Friday, February 24, 2017

Coaching Exercise 2

For my first conversation, I chose the roles of follower and opposer to practice. I am mostly comfortable as a bystander and a mover. I usually play the role of bystander, and in that role sometimes I bring information into the conversation that moves it in a new direction, making me a mover. Bystanding is also the best place for me to be able to create humor, which is what I usually like to contribute to a conversation. I find following to be a bit boring and I only oppose when I feel I must because I do not like confrontation, and I’m a little insecure.
            The conversation consisted of about seven students-colleagues in my gender studies class at MIT. We were having drinks at a bar after class.
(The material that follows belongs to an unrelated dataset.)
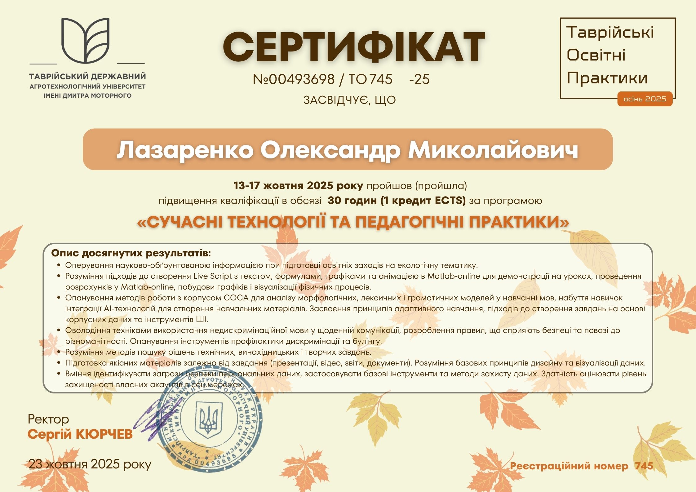 Лазаренко Олександр Миколайович Підвищення кваліфікації, стажування за останні 5 років 2025 рік Таврійський державний агротехнологічний університет ім. Дмитра Моторного (м.Запоріжжя, Україна). Сертифікат про підвищення кваліфікації №00493698/ТО0745-25 від 23.10.2025 р. Тема: “Сучасні технології та педагогічні практики”, обсягом 30 годин (1 кредит ЄКТС). Підвищення кваліфікації у попередні періоди —

I was nervous about opposing so I chose to follow at first. The two modes I used to follow were hyperbolic humor to validate a point someone else had made or extreme enthusiasm to agree. Regarding the latter, I kept my ear open for things that I found profound or “mind-blowing” so that I could harness my excitement as a follower. This was not that hard because I have had no formal education in feminism or gender studies, so I found much of the conversation to genuinely enlightening.
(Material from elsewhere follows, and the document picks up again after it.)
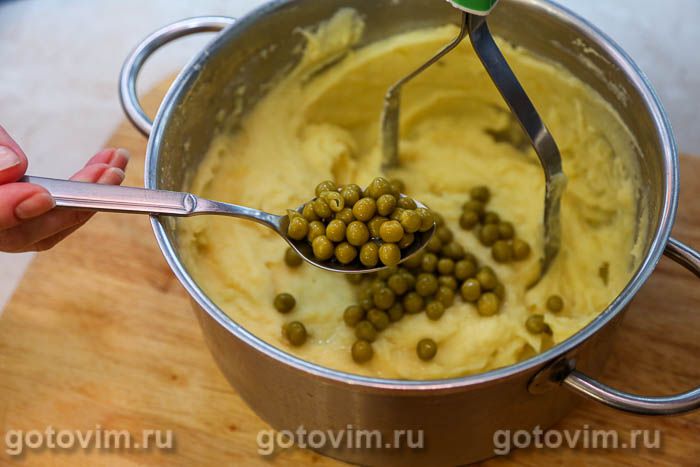 Пробуем рецепт картофельного пюре с добавлением консервированного горошка. Есть вариант, когда горошек мнут и в таком виде примешивают к пюре. Но можно просто добавить целые горошины, чтобы картофельное пюре не потеряла свой аппетитный кремовый цвет.
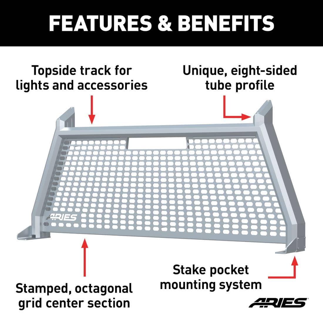 ARIES CHROME ADVANTEDGE HEADACHE RACK ; 09-25 F150/ 22-25 F150 LIGHTNING Eight-Sided Tube Profile To Complement...

            I was very nervous to be an opposer for the reason just stated – a lack of knowledge on the topic. I may have cheated here. Instead of bringing up contradictory information or perspectives, I logged as much as I could of what everyone was saying and waited for them to contradict themselves. I was only able to do it once. I’m not sure it’s a helpful way to oppose because it shifts the focus of the conversation from the topic to the speaker. After I made the observation, which was funny, I realized it was my responsibility to immediately move the discussion back to the topic at hand. As a side note, I heard a line in the new Star Wars movie that I have used to oppose in other conversations. The line is, “I find that answer vague and unconvincing.” It has been useful and I plan to keep using it as I try to get better at opposing.
            My second conversation was with my mom. We had a discussion / debate about the legalization of marijuana. I shared with her the model with her in a text picture beforehand. The focus on the model sort of bookended the conversation. It was turning into a very productive discussion, and I wanted to let it go naturally without putting the breaks on too often to analyze which roles we were fulfilling, but I did do a recap at the end and congratulated my mom for being so flexible. We came to the conclusion, together, that decriminalizing recreational marijuana by using a small fine should be done prior to completely legalizing it. I don’t actually agree with this, but it allowed us to end in a great place.

            My third conversation was with my best friend from high school. We discuss politics often, and every time I feel like I’m walking through a minefield, but none have ever gone off. We were having dinner, just us, and he brought up politics in a super inflammatory way. Eventually, BLM came up and I had an impossible time getting things back on track. Statements like “it’s ok to be pro-police and pro-BLM” did not calm him down. He is a state-prosecutor by trade, and five police have been shot in the last year, one in which the shooter mentioned BLM in an angry non-coherent rant. His emotional investment in the issue made it impossible to work with. He left the conversation in a fit. Our friendship was repaired a few days later via text. He is a closet white-supremacist and ammo-sexual, so I’m not sure we’ll ever find common ground. Ideological discussion may prove to heavy for the friendship and require termination.